■ Task input ■
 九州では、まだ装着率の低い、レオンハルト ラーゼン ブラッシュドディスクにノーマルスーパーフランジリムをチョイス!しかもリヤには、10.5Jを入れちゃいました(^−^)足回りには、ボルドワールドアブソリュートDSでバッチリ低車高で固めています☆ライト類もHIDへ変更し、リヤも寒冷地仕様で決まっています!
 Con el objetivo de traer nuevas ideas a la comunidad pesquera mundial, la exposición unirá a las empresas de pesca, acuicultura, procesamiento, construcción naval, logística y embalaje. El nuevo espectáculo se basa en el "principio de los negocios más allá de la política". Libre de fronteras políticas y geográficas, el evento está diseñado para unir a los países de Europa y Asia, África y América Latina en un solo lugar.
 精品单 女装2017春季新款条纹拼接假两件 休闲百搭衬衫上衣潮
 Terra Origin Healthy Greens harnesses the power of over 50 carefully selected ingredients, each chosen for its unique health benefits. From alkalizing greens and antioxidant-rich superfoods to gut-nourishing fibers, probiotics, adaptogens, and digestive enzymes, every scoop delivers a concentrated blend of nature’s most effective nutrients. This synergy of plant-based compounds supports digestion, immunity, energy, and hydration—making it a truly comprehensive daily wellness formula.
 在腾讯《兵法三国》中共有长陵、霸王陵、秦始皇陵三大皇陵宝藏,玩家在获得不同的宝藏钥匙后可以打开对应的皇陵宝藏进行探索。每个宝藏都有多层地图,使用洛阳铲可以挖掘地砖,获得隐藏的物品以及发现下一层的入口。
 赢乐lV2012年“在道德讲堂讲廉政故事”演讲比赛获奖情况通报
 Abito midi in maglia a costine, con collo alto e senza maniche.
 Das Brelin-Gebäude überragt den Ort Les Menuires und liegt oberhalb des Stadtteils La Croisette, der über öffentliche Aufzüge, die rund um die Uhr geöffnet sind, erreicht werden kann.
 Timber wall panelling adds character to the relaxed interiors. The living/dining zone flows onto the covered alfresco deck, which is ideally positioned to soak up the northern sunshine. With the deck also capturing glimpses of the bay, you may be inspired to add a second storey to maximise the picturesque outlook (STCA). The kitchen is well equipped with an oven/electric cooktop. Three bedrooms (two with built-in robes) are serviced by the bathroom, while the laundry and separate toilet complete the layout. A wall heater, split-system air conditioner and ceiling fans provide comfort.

* * *

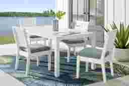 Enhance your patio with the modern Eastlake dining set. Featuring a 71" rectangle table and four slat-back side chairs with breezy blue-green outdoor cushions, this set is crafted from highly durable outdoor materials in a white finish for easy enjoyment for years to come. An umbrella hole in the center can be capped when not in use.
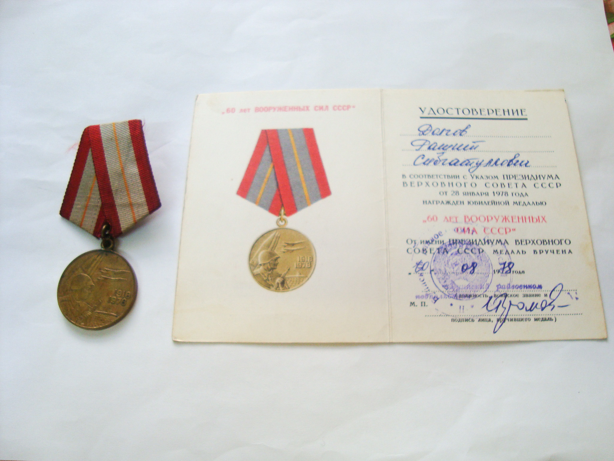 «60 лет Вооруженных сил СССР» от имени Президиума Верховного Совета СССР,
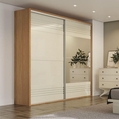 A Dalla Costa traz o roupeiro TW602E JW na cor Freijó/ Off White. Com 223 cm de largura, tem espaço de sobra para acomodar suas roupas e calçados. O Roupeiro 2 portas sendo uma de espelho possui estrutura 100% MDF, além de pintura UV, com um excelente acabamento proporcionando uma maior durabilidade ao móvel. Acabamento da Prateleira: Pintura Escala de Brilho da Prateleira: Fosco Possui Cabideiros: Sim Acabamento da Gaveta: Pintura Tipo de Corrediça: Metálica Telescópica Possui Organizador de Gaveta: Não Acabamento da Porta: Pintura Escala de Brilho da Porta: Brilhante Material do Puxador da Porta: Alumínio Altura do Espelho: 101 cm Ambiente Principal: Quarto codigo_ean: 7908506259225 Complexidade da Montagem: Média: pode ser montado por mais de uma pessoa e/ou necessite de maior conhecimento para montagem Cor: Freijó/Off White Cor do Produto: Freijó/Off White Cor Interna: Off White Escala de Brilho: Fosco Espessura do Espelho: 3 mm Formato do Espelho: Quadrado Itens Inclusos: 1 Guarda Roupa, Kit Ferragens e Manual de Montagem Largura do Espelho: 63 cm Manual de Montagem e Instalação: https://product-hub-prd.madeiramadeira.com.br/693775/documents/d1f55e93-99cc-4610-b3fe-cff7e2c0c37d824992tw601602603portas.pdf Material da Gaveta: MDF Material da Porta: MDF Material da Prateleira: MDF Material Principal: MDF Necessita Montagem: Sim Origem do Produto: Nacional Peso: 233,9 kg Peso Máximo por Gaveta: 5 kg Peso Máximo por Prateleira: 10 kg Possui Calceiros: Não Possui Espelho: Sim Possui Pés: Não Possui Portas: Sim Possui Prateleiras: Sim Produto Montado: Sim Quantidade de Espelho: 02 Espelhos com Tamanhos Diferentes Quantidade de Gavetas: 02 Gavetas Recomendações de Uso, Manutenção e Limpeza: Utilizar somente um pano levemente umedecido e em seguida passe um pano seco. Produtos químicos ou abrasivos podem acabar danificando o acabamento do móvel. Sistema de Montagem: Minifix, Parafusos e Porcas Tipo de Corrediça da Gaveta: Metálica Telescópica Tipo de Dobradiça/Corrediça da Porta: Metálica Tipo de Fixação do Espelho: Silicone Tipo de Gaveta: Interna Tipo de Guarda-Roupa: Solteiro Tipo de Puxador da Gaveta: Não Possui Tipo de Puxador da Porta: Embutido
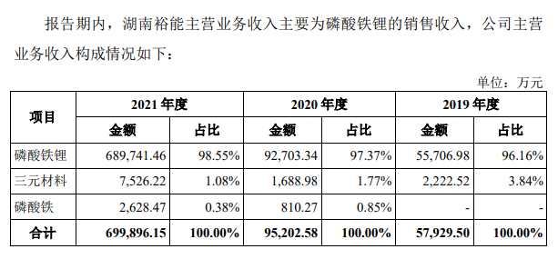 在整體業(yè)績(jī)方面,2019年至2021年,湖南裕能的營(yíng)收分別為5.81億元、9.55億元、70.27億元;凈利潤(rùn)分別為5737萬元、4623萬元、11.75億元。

■ Task requirements ■
Only the lines above starting at the line that holds "Abito midi in" and ending at the line that holds "Timber wall panelling" are to be repeated, exactly and in full.

■ Result of the exercise ■
 Abito midi in maglia a costine, con collo alto e senza maniche.
 Das Brelin-Gebäude überragt den Ort Les Menuires und liegt oberhalb des Stadtteils La Croisette, der über öffentliche Aufzüge, die rund um die Uhr geöffnet sind, erreicht werden kann.
 Timber wall panelling adds character to the relaxed interiors. The living/dining zone flows onto the covered alfresco deck, which is ideally positioned to soak up the northern sunshine. With the deck also capturing glimpses of the bay, you may be inspired to add a second storey to maximise the picturesque outlook (STCA). The kitchen is well equipped with an oven/electric cooktop. Three bedrooms (two with built-in robes) are serviced by the bathroom, while the laundry and separate toilet complete the layout. A wall heater, split-system air conditioner and ceiling fans provide comfort.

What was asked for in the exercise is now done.